[PROBLEM STATEMENT]: With the pictures left out, retype exactly the lines below starting at the line that contains "De très belles" and ending at the line that contains "Tividale take on".

[RECORD EXCERPTS]:
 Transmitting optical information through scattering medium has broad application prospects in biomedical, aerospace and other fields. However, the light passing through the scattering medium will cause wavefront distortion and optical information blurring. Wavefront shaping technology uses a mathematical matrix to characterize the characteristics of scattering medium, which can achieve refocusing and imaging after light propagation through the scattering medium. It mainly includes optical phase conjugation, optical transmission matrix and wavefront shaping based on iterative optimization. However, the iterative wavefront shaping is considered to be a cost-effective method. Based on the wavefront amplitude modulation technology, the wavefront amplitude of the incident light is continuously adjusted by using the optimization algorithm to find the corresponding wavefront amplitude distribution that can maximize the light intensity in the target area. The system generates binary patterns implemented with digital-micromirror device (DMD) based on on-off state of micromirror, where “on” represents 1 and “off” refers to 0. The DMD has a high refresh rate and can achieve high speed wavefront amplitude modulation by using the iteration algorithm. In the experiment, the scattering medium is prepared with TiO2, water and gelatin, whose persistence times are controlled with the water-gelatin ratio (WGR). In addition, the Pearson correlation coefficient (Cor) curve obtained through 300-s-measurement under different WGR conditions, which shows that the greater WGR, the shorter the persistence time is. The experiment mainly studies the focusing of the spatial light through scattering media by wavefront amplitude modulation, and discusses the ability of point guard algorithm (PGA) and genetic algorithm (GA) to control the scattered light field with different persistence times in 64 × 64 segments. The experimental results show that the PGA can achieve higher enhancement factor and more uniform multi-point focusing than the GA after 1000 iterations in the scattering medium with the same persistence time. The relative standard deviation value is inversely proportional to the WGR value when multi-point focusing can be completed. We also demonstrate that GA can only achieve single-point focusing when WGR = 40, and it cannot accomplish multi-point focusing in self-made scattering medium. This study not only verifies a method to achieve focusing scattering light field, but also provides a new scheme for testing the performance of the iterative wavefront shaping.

...

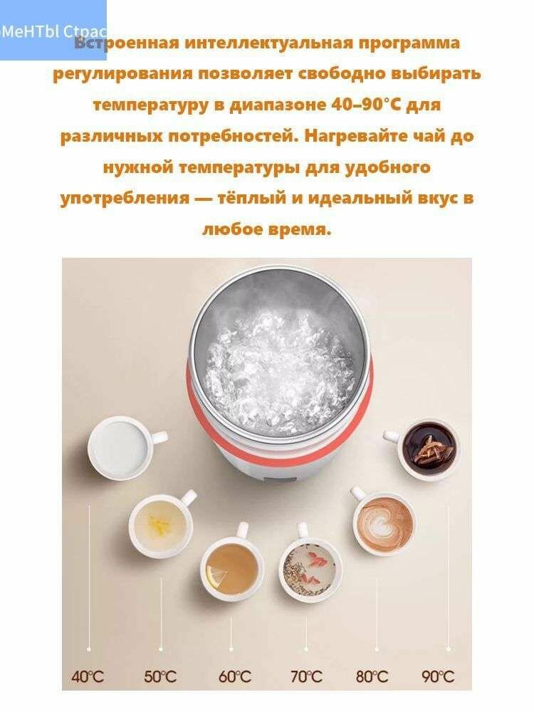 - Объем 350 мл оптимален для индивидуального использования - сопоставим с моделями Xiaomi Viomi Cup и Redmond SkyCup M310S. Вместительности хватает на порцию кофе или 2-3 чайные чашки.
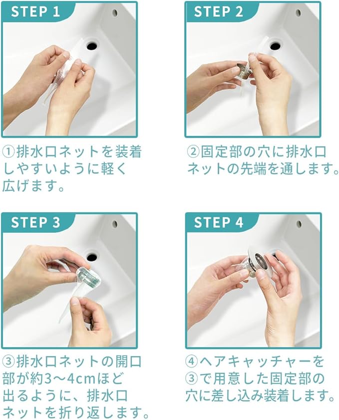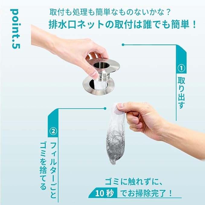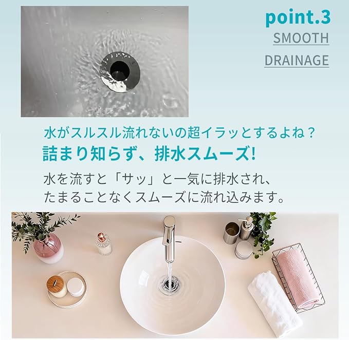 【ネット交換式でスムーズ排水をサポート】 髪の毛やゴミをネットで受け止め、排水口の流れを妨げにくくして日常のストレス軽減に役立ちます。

---

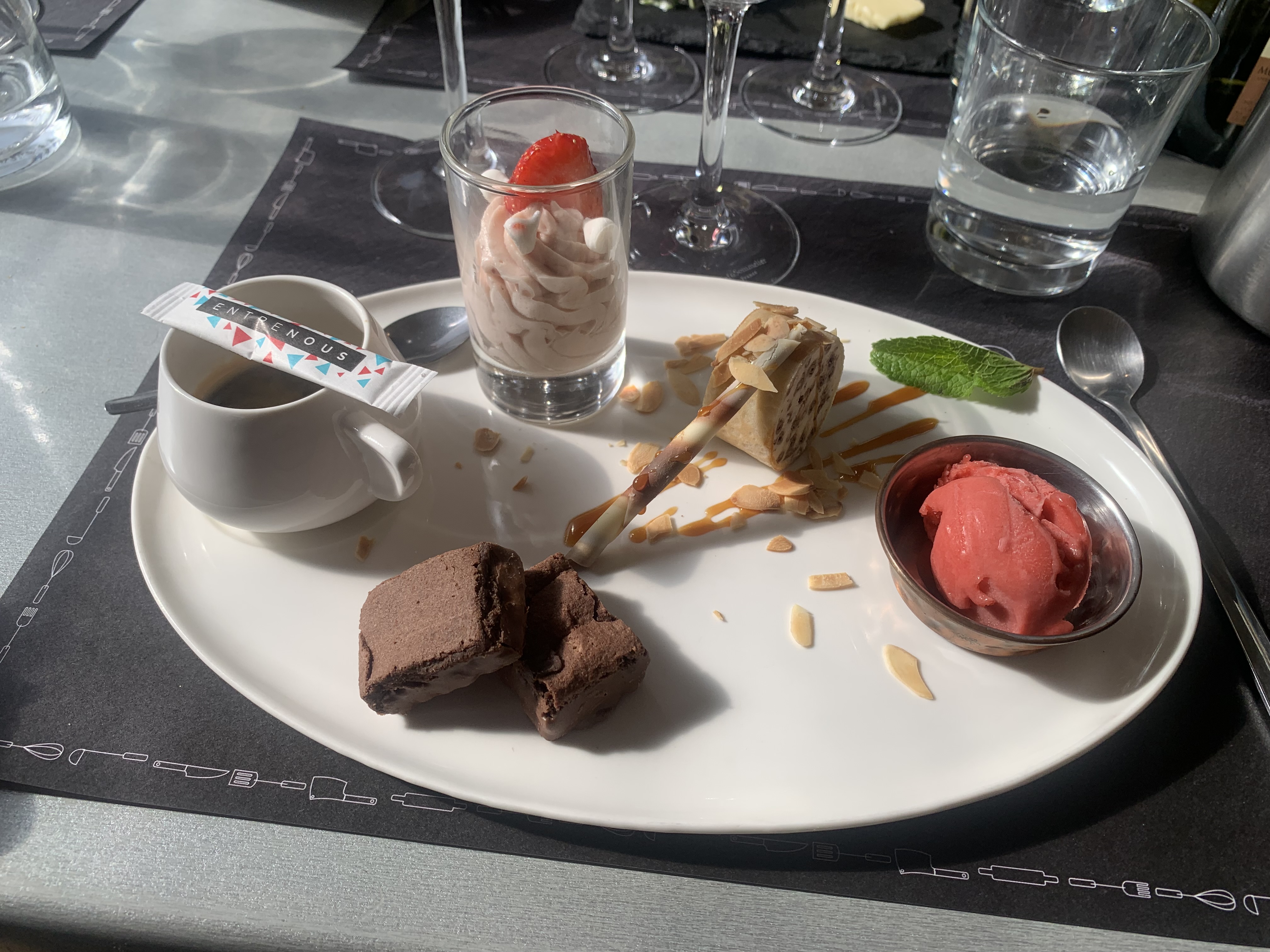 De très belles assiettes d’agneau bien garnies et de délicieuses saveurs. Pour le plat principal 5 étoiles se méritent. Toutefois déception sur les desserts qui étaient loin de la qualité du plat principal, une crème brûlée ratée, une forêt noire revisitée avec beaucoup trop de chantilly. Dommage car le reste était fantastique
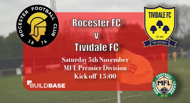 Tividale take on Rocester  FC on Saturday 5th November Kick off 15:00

[WRITTEN RESPONSE]:
 De très belles assiettes d’agneau bien garnies et de délicieuses saveurs. Pour le plat principal 5 étoiles se méritent. Toutefois déception sur les desserts qui étaient loin de la qualité du plat principal, une crème brûlée ratée, une forêt noire revisitée avec beaucoup trop de chantilly. Dommage car le reste était fantastique
 Tividale take on Rocester  FC on Saturday 5th November Kick off 15:00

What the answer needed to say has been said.